Quienes estábamos fuera no sabíamos —no podíamos saber, si acaso imaginar— las largas horas del encierro hospitalario, las noches eternas, el insomnio, el dolor…

En la Escuela teníamos la consigna —comprensible— de no llamar, no molestarte, y sólo nos quedaba el recurso de informarnos a través de quienes estaban más cerca de ti: tu leal Amparito, la incansable Maribel, la inquieta y querida Jessica. Y luego el pesar de no poder ayudar cuando necesitabas transfusiones de sangre y plaquetas… Vanessa con sus escasos 40 kilos de peso, y yo con mi problema de tiroides… pero los alumnos se movilizaban con rapidez, corrían la voz, enviaban correos electrónicos, ponían cartelitos en las paredes.

Por semanas —durante tus recaídas, cuando corría el rumor de que “no pasa esta noche”— temíamos las llamadas en la madrugada, que es la hora escogida por las noticias que no queremos escuchar, que nos sorprenden por temidas y esperadas a la vez.

¿Por qué a mí?, dijiste, y no a ese crítico al que sólo aludes sin nombrar, pero que todos conocimos…

Y tuvo que ser tu madre quien a pesar de todo su pesar te diera la respuesta.

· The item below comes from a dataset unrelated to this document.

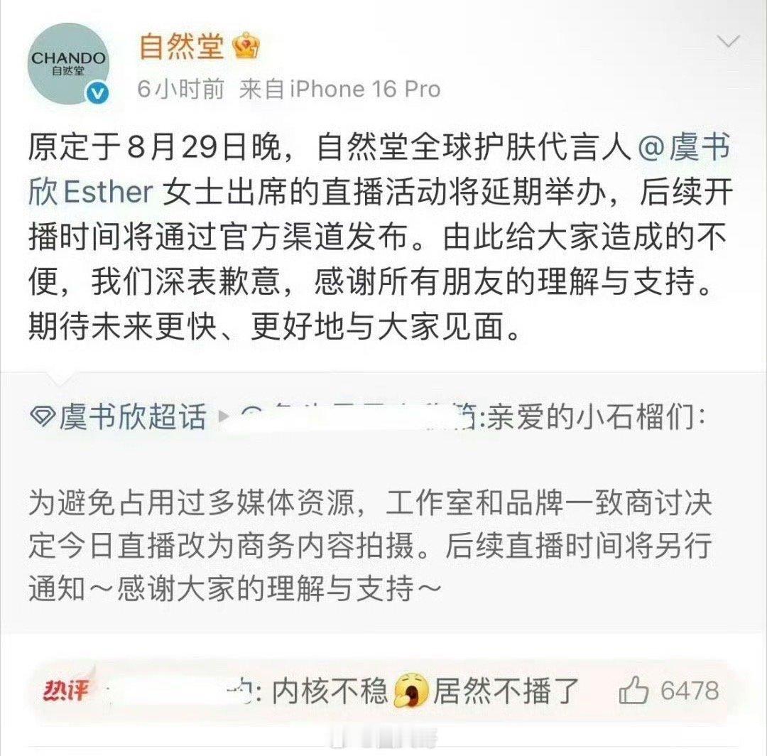 就是说虞书欣的新剧《一念江南》不开机,《双轨》迟 迟 不定档,欣欣子的商务也被 影 响 到 了啊,对接称虞书欣物料调整的时候,瞬间get到粉丝天塌了,目前虞书欣本人也没回应何时进组,有点心疼守护虞书欣的粉丝们了~

Palabras difíciles de escuchar en voz de quien te dio la vida, pero más difíciles de pronunciar porque esa vida que te dio te la estaban arrebatando, y ella se encontraba impotente ante eso.

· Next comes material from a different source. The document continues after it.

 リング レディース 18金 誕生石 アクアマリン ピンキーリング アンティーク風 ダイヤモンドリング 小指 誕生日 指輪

¿Por qué a mí?… Si tú eras siempre tan decente, tan educado, tan propio… Creo que las únicas veces que no te vi vestido de traje era en Tepoztlán, las tardes de fin de semana que pasábamos a saludarte. El agua fresca servida en los vasos de vidrio floreados —comprados en el mercado o reciclados de las veladoras— que le gustaban a tu madre. La charla en el jardín hasta la hora en que el sol empezaba a ocultarse y había que regresar a Cuernavaca o a México. Ahora a Tepoz le falta algo.

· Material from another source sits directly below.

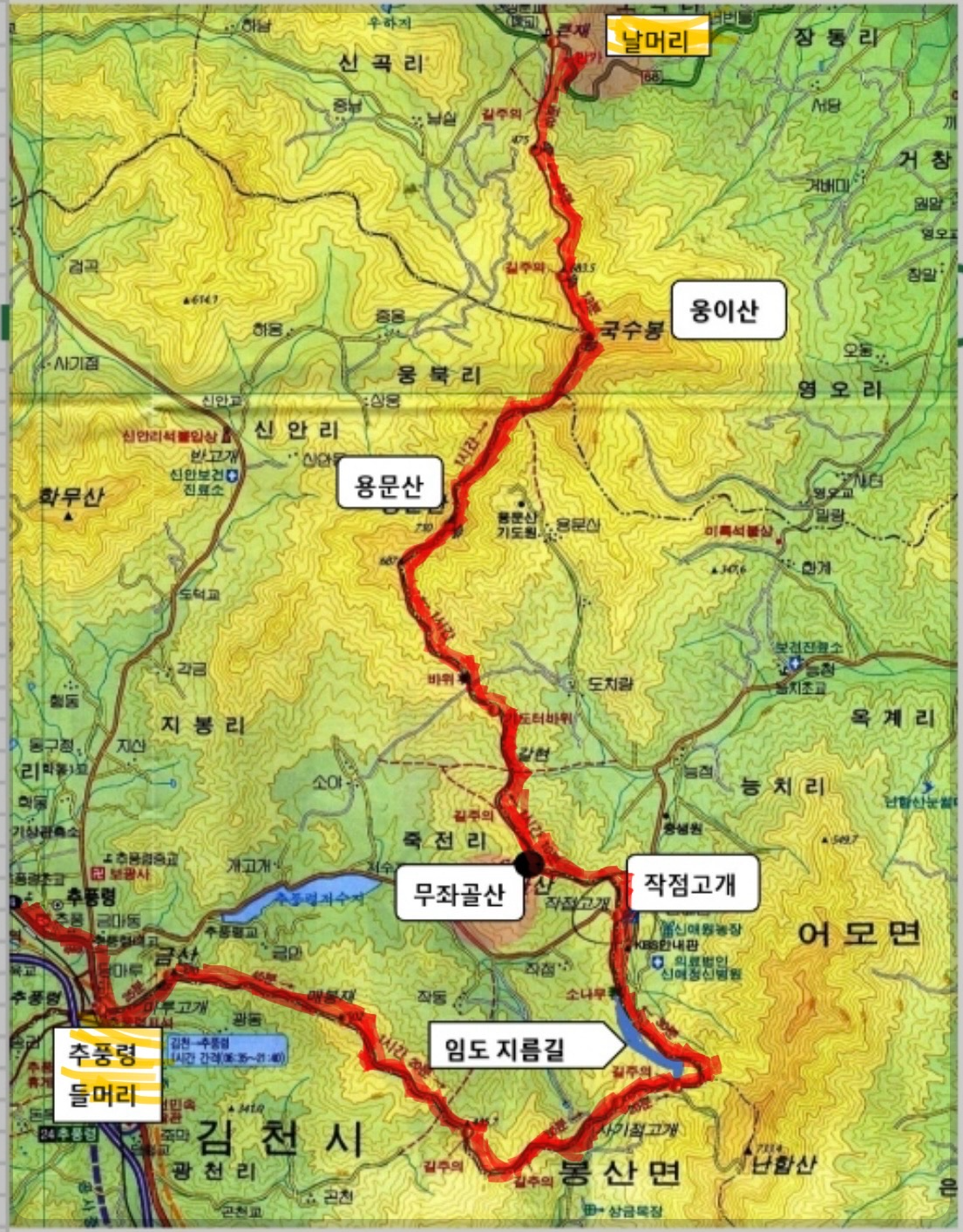 ▶ 구간별 거리: 추풍령- 2.5km- 502봉- 4.0km- 묘함산갈림길 - 2.0km -작점고개 - 5.0km - 용문산 2.24km - 국수봉- 3.0km 큰재

¿Por qué a mí?… A ti…, que siempre te preocupabas por lo que nos sucediera a los demás, como cuando Beatriz Novaro, Silvia Peláez y yo estábamos en residencia en Nueva York y ocurrió el ataque a las Torres Gemelas, y cruzábamos correos con Pepe Vázquez, quien te mantenía informado, y decías que éramos afortunadas por ser testigos de suceso tan importante; pero es que tú a todo le veías el lado bueno. Dices que “es un privilegio ser escritor y estar enfermo, porque con esos dos ingredientes nunca voy a sentir la tortura de la página en blanco”, pero te fuiste sin contarme el secreto de cómo vencer la depresión y volver a escribir.

¿Por qué a mí?… ¿Por qué a mí?… y entonces, conforme voy leyendo, se desatan y se  agolpan los recuerdos…

Las discusiones sobre la comedia musical, y las razones por las cuales no te gustaba Cats

La impactante puesta en escena de La Malinche, allá en el Salón México de la colonia Guerrero… Y El deseo, con Ofelia Medina y Alberto Estrella…

Las comidas cuando nos reuníamos los profesores por Navidad y el Día del Maestro… Si hoy vieras Sogem y la Escuela de escritores…, te dolería, como a nosotros, ver lo que ha quedado de ellas…

La generosidad de tus palabras cuando presentaste mi libro en el teatro Rodolfo Usigli…

¿Por qué a mí?… Si nosotros te queríamos eterno y creíamos que nos ibas a durar para siempre, o fue para cumplir con tu propio decir: “Se nos mueren los inmortales”.

¿Por qué a ti?, nos preguntamos muchos, todavía, pero nos quedamos sin respuesta.